I’m reading Steve Jobs’ biography by Walter Isaacson.
It’s very, very hard to put down and, when you do, it draws you back.
The book is like Jobs himself: magnetic.
You ask yourself: how could one man revolutionise six entire industries:
Personal computing.
Film animation.
Music.
Phones.
Tablet computing.
Publishing.
How does one man do all of that?
The answer is in what those who knew him referred to as his ‘reality distortion field’.
He didn’t look to reality to tell him what was possible.
He dictated to reality what was possible.
Now obviously this doesn’t always work.
50% of the time you’re going to have some unpleasant surprises.
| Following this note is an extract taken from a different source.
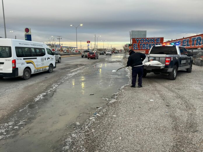 Con la finalidad de evitar cualquier tipo de incidentes, agentes de la Coordinación General de Seguridad Vial, esparcieron sal sobre vialidades que presentaban hielo y a su vez representan peligro tanto para conductores como peatones.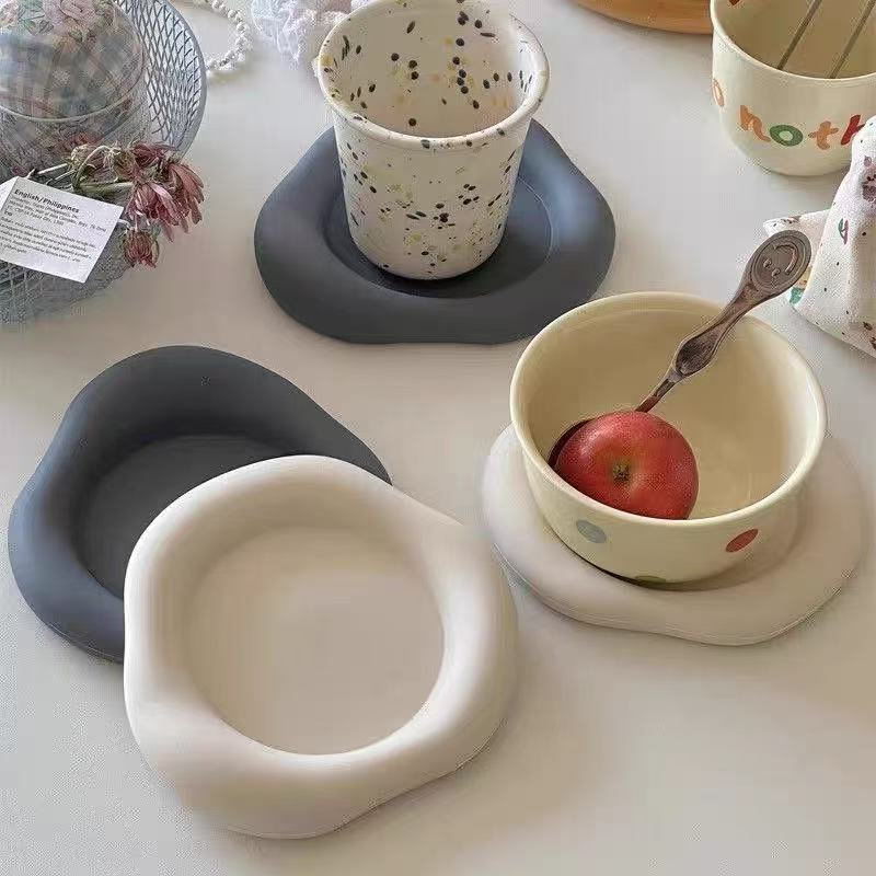 ☕ สไตล์นอร์ดิก ที่รองแก้วรูปเมฆ 3 มิติ ไม่สม่ำเสมอ ที่รองแก้วซิลิโคนกันความร้อน เว้าและนูนสามมิติ กันลื่น ทนอุณหภูมิสูง

For instance, he was fired from his own company.
But it does allow you to accomplish things that people who wait for permission and agreement can’t.
Because 50% of the time it does work.
And if, like Steve Jobs, you can take the rough with the smooth, you can accomplish much, much more than conventional wisdom says you ought to.
There are two examples of his ‘reality distortion field’ that really struck me.
Steve Jobs was fanatical about perfectionism.
This was fine for him, but how do you carry other people along with your vision?
The people who actually have to do the work.
Jobs often turned circuit designs down because the lines weren’t perfectly straight.
The engineers didn’t understand why.
It would work just as well, whether the lines were straight or not.
And no one would ever see them.
But Jobs insisted.
He wanted it perfect whether anyone would see it or not.
It meant working days, nights, and weekends non-stop for the engineers.
But eventually they finished.
And the end product was great.
Then Jobs got all twenty engineers together and asked them to sign their names on a sheet of paper.
Then he told them that every computer made would have their signatures engraved on the inside, like artists.
No one else would see it, but they’d be there.
On every single computer that went out.
To recognise that it was their creation.
That’s why people did the impossible for Steve Jobs.
Another engineer, Larry Kenyon, explained an example of the ‘reality distortion field’.
Steve Jobs told him the new computer was taking ten seconds too long to boot up.
Kenyon said shaving ten seconds off wasn’t worth the effort it would take.
But Jobs cut him off.
He said “If it would save a person’s life, would you shave 10 seconds off the start up time?”
The engineer thought it was a silly question.
Jobs said “If I could show you a way you could save a person’s life, would you do it.”
Jobs was so intense that Kenyon said, he guessed he’d have to find a way.
Jobs started writing numbers.
He said “Okay, we know around 5 million people will be using this computer every day.
We know that 5 million times 10 seconds, every day, is roughly 300 million hours a year.
So we know that by cutting 10 seconds off the startup time, you could save the equivalent of at least a hundred lifetimes a year.”
Larry Kenyon just sat there open mouthed.
He couldn’t argue with it.
He’d never thought of it like that.
He suddenly saw the world of computers from Steve Jobs’ perspective.
Not that tiny things didn’t really matter.
But that tiny things mattered incredibly.
Two weeks later Larry Kenyon came back with twenty six seconds shaved off the startup time.
And that’s Steve Jobs’ ‘reality distortion field’.
And that’s how you revolutionise six industries.
You have to get people to want to do the impossible.